START RECORDS FOR THE EXERCISE

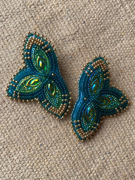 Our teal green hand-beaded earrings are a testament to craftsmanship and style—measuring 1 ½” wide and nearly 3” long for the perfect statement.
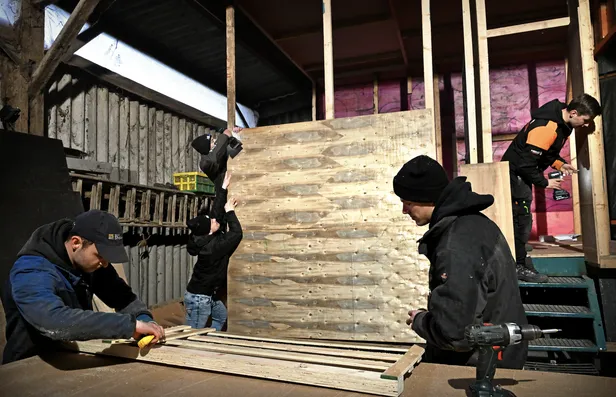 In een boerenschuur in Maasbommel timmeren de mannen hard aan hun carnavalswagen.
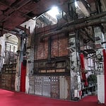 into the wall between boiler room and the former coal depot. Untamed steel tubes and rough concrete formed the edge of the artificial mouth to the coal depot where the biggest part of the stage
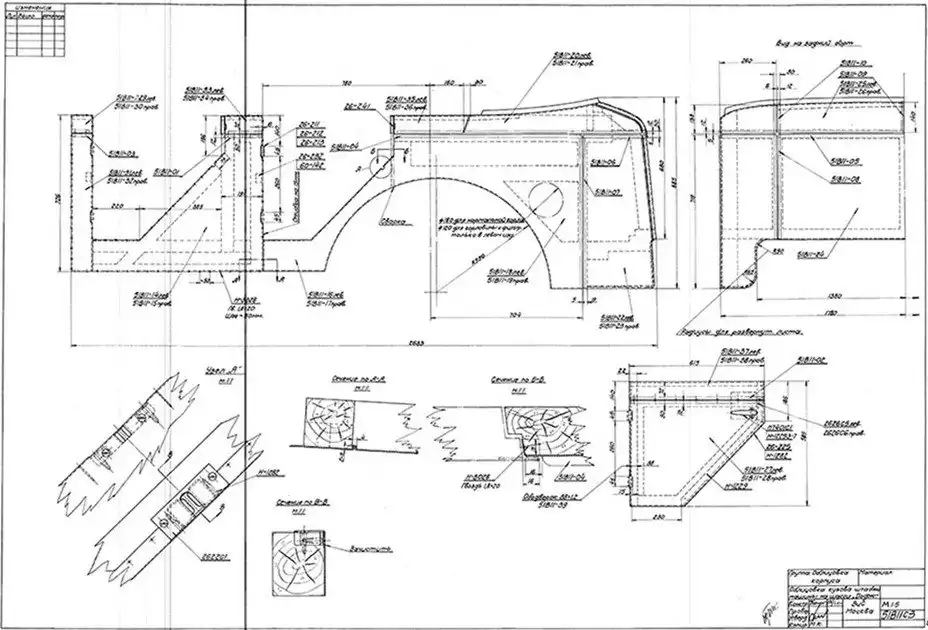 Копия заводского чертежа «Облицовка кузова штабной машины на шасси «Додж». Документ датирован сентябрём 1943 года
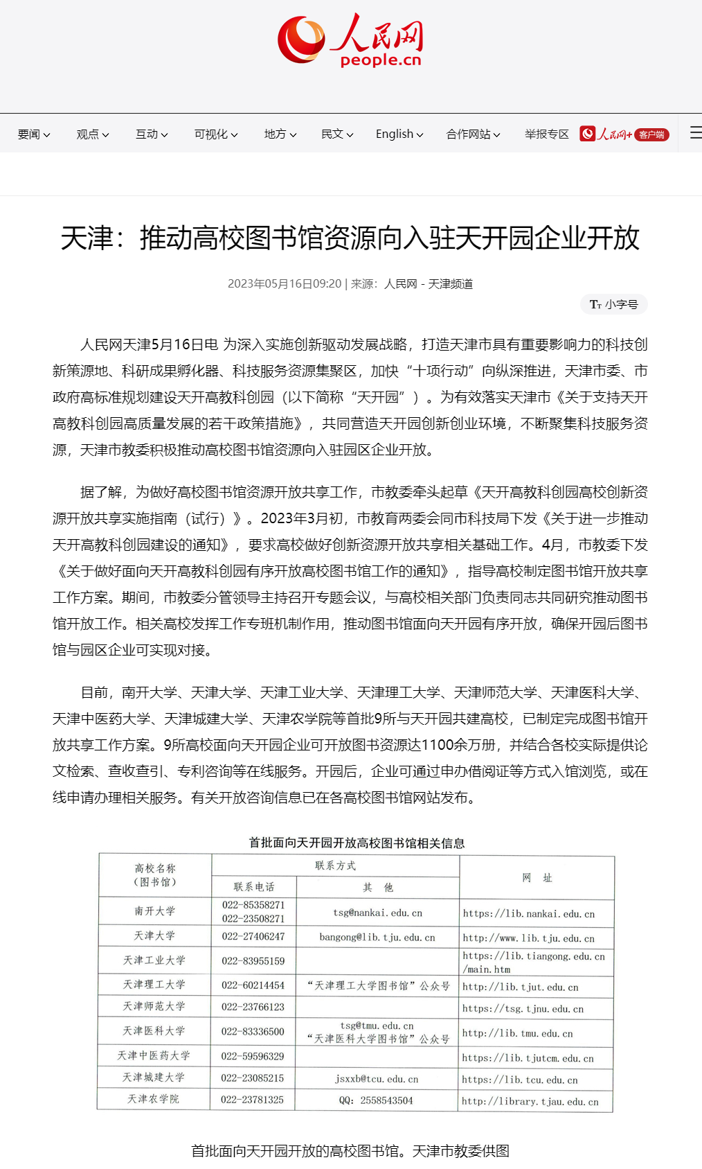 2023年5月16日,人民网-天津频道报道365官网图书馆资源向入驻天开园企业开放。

END RECORDS FOR THE EXERCISE

Pictures do not belong in the copy. Please reproduce the entries above exactly otherwise.

 Our teal green hand-beaded earrings are a testament to craftsmanship and style—measuring 1 ½” wide and nearly 3” long for the perfect statement.
 In een boerenschuur in Maasbommel timmeren de mannen hard aan hun carnavalswagen.
 into the wall between boiler room and the former coal depot. Untamed steel tubes and rough concrete formed the edge of the artificial mouth to the coal depot where the biggest part of the stage
 Копия заводского чертежа «Облицовка кузова штабной машины на шасси «Додж». Документ датирован сентябрём 1943 года
 2023年5月16日,人民网-天津频道报道365官网图书馆资源向入驻天开园企业开放。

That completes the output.